Borromeo v Court of Appeals

- The Court reminds all lower courts, lawyers, and litigants that it disposes of the bulk of its cases by minute resolutions and decrees them as final and executory, as where a case is patently without merit, where the issues raised are factual in nature, where the decision appealed from is supported by substantial evidence and is in accord with the facts of the case and the applicable laws, where it is clear from the records that the petition is filed merely to forestall the early execution of judgment and for non-compliance with the rules. The resolution denying due course or dismissing the petition always gives the legal basis.

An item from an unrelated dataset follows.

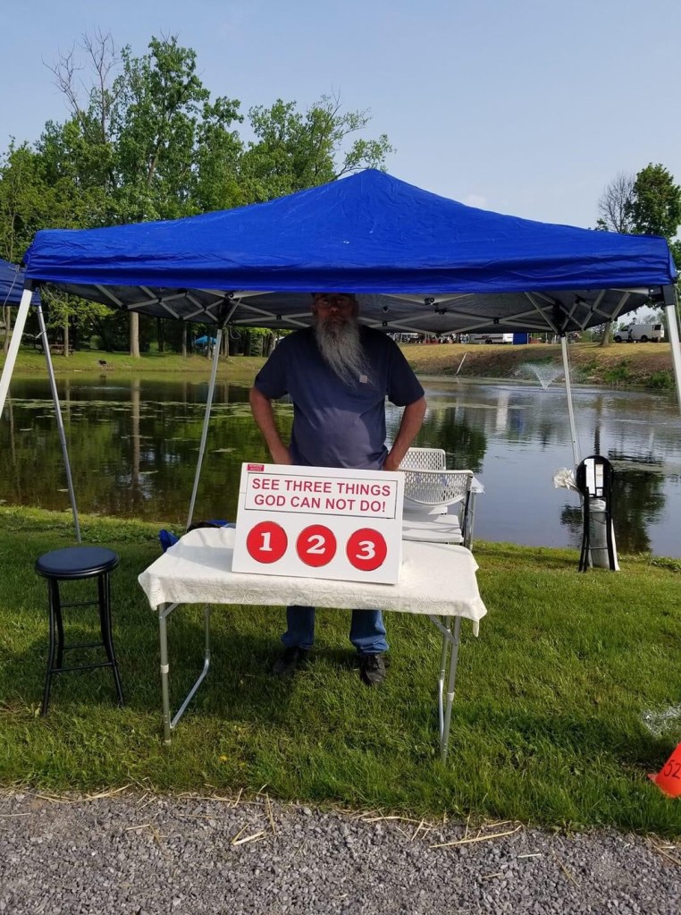 Joe is all set up with an SOS events Display Board, waiting for people to come by and see the 3 Things God Can Not Do.

- When the Court, after deliberating on a petition and any subsequent pleadings, manifestations, comments, or motions decides to deny due course to the petition and states that the questions raised are factual or no reversible error in the respondent court's decision is shown or for some other legal basis stated in the resolution, there is sufficient compliance with the constitutional requirement.

- Minute resolutions need not be signed by the members of the Court who took part in the deliberations of a case nor do they require the certification of the Chief Justice.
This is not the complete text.